A key Republican National Committee official in Florida has propagated anti-vaccine language and falsehoods, comparing the Biden administration’s vaccine initiatives to Nazi-era “brown shirts” and calling vaccines “the mark of the beast,” equivalent to a “false god” on two occasions.
Covid-19 rumors are promoted by a top RNC official in Florida, who calls vaccines the “mark of the beast.”

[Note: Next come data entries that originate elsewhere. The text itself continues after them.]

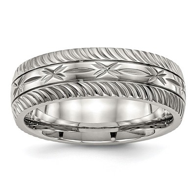 Chisel Stainless Steel Polished and Matte Black IP-plated 1/20 Carat Diamond Cross Band Ring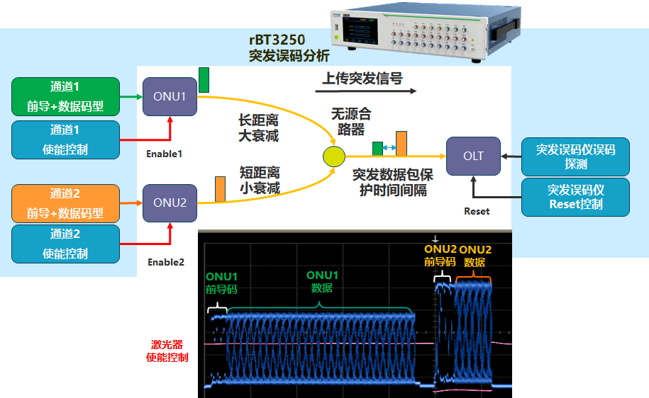 如圖a所示,搭建50G PON 突發(fā)測試環(huán)境,主要由兩個ONU模塊和一個OLT模塊組成。突發(fā)誤碼測試儀兩個突發(fā)通道PPG時分交替發(fā)送具備突發(fā)幀結(jié)構(gòu)的數(shù)據(jù)(preamble & Data)及激光器使能信號(enable),使兩個ONU模塊交替發(fā)送突發(fā)數(shù)據(jù),分別經(jīng)過衰減器,模擬不同長度光纖上的功率衰減,經(jīng)過分光路器合成一路光,接入OLT模塊。突發(fā)誤碼測試儀ED向OLT發(fā)送reset信號并接收突發(fā)數(shù)據(jù),進行兩路突發(fā)誤碼比較。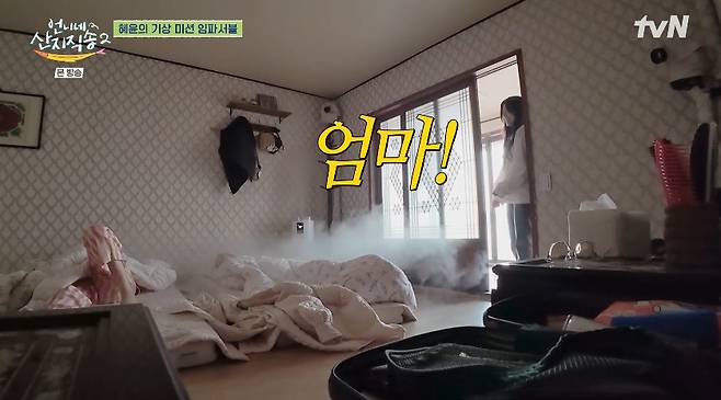 뒤이어 김혜윤은 이재욱이 자고 있는 방으로 이동해 "재욱아"라고 외쳤고, 이재욱은 귀신이라도 본 듯 놀라더니 다시 이불을 덮고 잠을 청해 웃음을 자아냈다.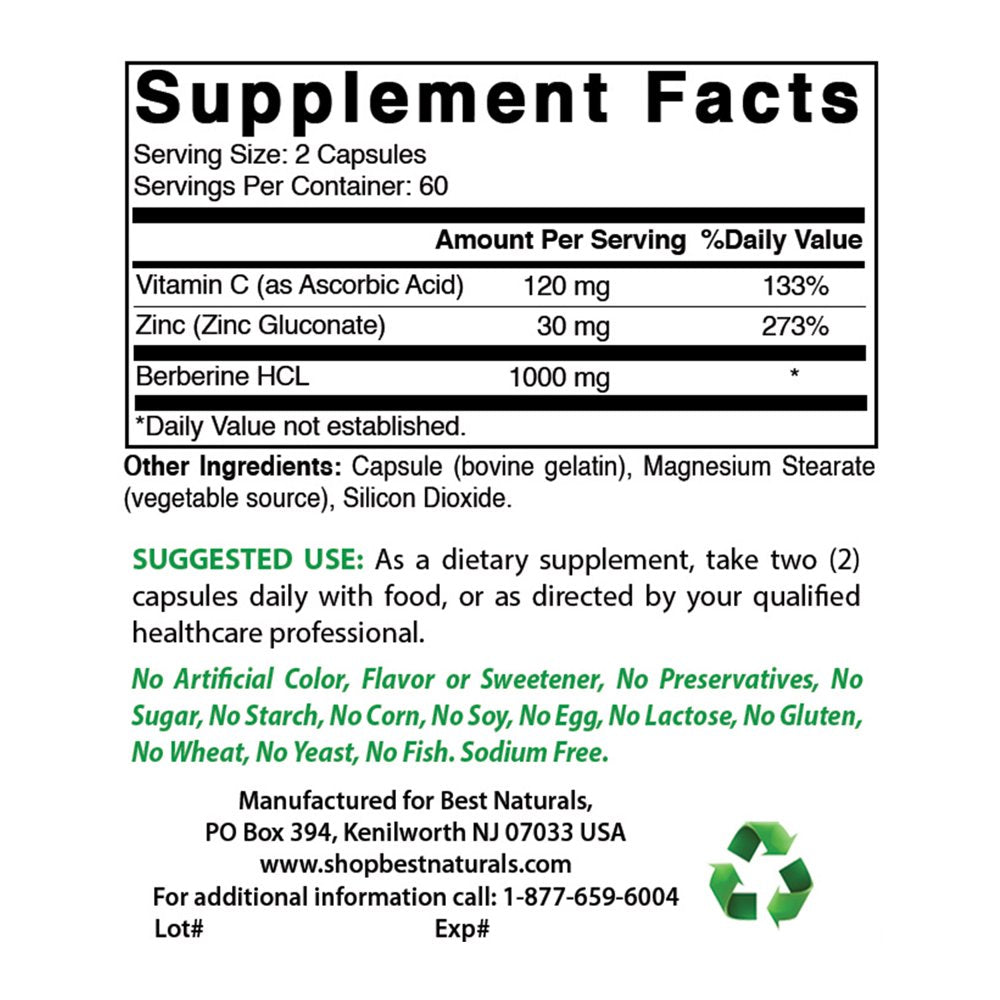 Berberine plus supplies high potency berberine combined with Vitamin C and Zinc for healthy immune support.Berberine has shown to help maintain healthy blood sugar and cholesterol levels that are already within normal range. Bebeerine capsules have also shown to help support weight loss, digestion and immune health.Our Berberine pills are made using the highest quality of Bebeerine with vitamin c & Zinc. Bebeerine has been used for years in traditional Chinese and Ayurvedic medicine as a natural defenseOur Berberine 1000mg contains Berberine 1000 mg, Zinc 30 mg & Vitamin C 120 mg per serving - 120 capsules per bottleNo Artificial Color, Flavor or Sweetener, No Preservatives, No Sugar, No Starch, No Corn, No Egg, No Lactose, No Gluten, No wheat, No Yeast, No Fish. Sodium Free.TOP QUALITY GMP CERTIFIED PRODUCTS - All Best Naturals products are manufactured in accordance with Good Manufacturing Practices (GMP), among the highest standards in the world -- Proudly Made in USA -- Purity & Potency GuaranteedDuring the summer months products may arrive warm but Amazon stores and ships products in accordance with manufacturers' recommendations, when provided.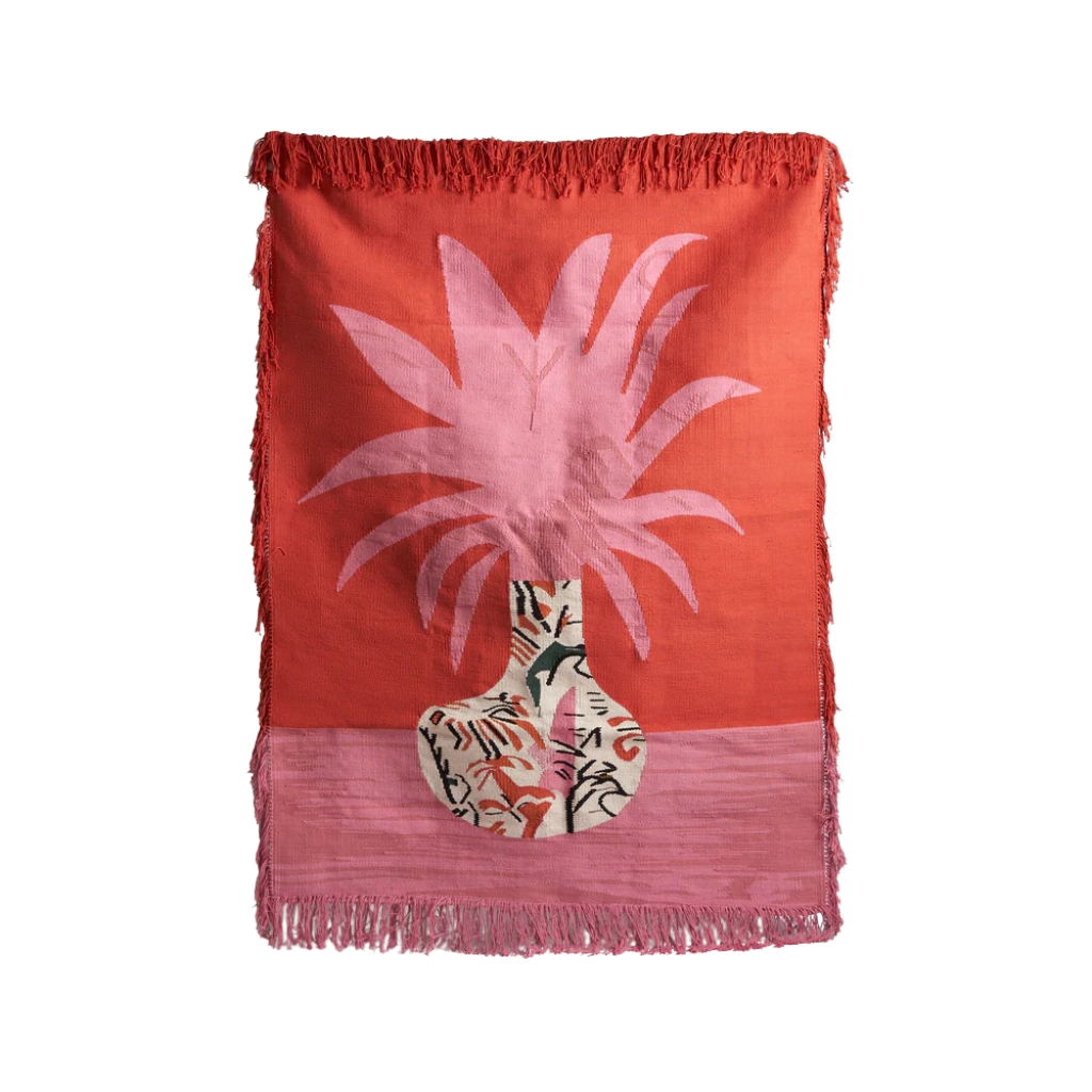 أضف لمسة فنية دافئة وحسًا يدويًا لجدرانك مع تعليقة الحائط أيرس الكليم. تتميز بدرجات ناعمة من البينك، بالإضافة إلى تفاصيل نسيجية متناظرة وأطراف مزينة بشرّابات تضيف عمقًا بصريًا وأناقة فريدة.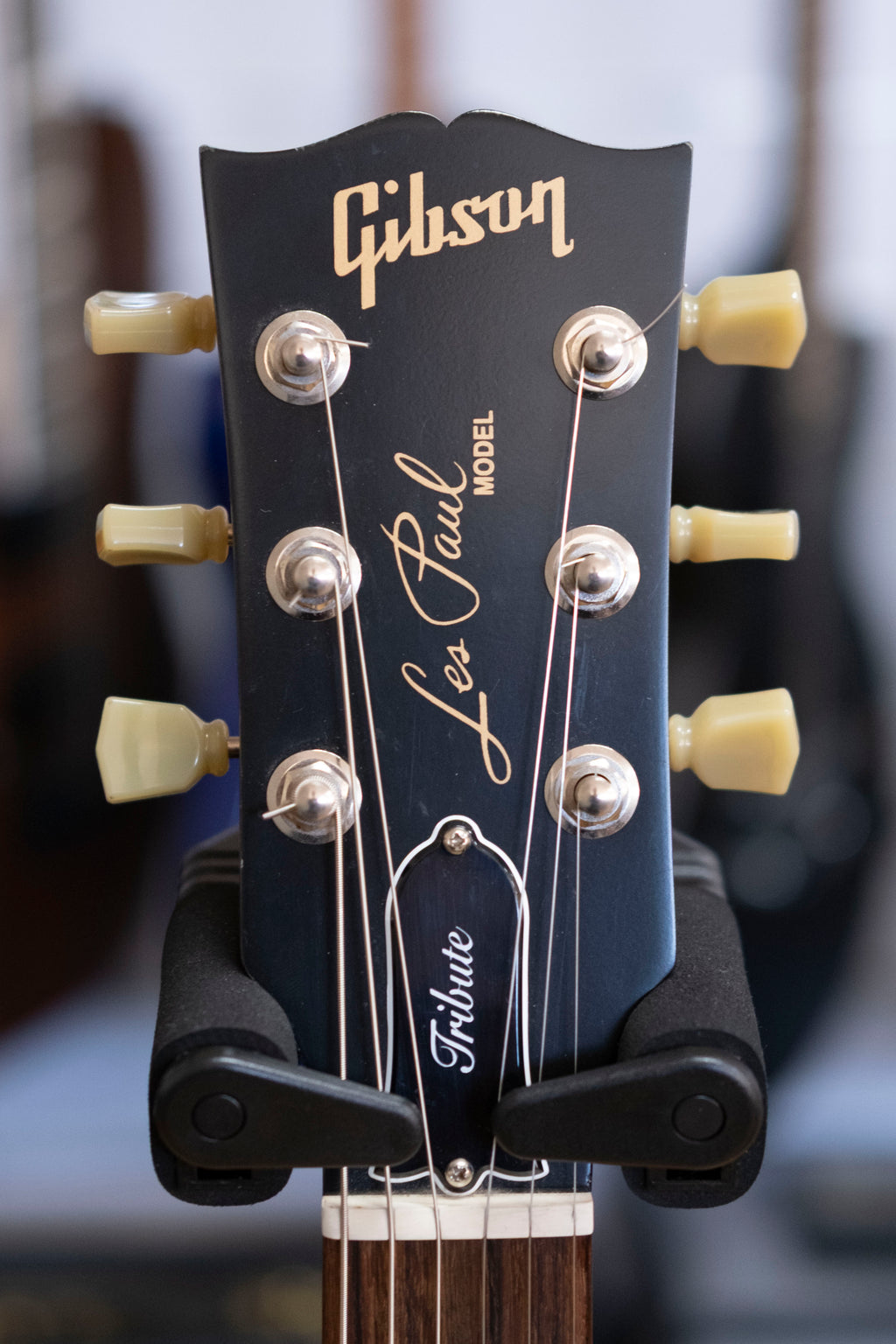 The Les Paul Tribute captures the vibe, feel and tonality of a traditional Les Paul. A rounded maple neck profile and ultra-modern weight relief make the Gibson Les Paul Studio Tribute a pleasure to play. A mahogany body, maple top and pair of 490 R & T humbucking pickups with Alnico II magnets provide classic tone, power and sustain.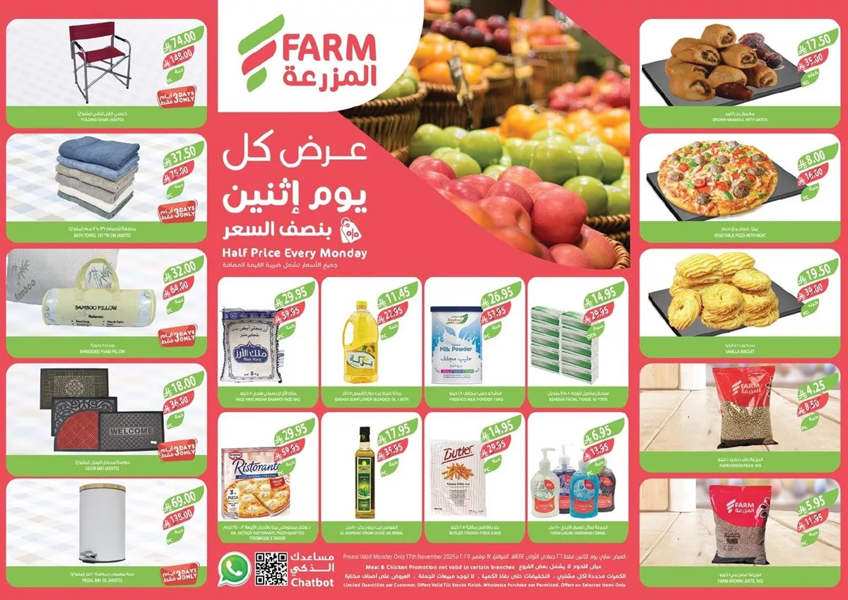 عروض اسواق المزرعة الطازج لجميع الفروع الاثنين 17-11-2025 بتقدم ليكم اليوم  الخضروات الطازجة مثل الذرة والجزر والبطاطا الحلوة بالإضافة إلى البصل والبرتقال وتحتوي أيضا على جبنة موزاريلا وجبنة مدخنة وزبادي تركي مع صلصة الطماطم وأدوات التنظيف وزيت الذرة ومسحوق الحليب ومنتجات الصابون السائل والسكر والأرز

The comments were published on Peter Feaman’s blog, “The Backhoe Chronicles,” which he posts weekly in a private MeWe group, according to CNN’s KFile. Feaman is a lawyer and RNC committeeman from Florida. The social media platform promotes itself as a “anti-Facebook” application. “The Biden brown shirts are starting to show up at private homes questioning vaccine papers,” Feaman said on July 20, wrongly assuming that government officials would show up at people’s homes to question their vaccination status and compared them to the Nazi Party’s paramilitary wing. He previously backed far-right Rep. Marjorie Taylor Greene, who used the phrase and received widespread condemnation. In May, Feaman referred to Covid-19 vaccines as a “mark of the beast,” a reference to a sign from the biblical Book of Revelations that denotes devotion to Satan, and dubbed Michigan Democratic Gov. Gretchen Whitmer “diabolical” for pushing vaccines. “Diabolical “Governor Whiter of Michigan wants citizens to receive the Mark of the Beast in order to participate in society,” Feaman wrote.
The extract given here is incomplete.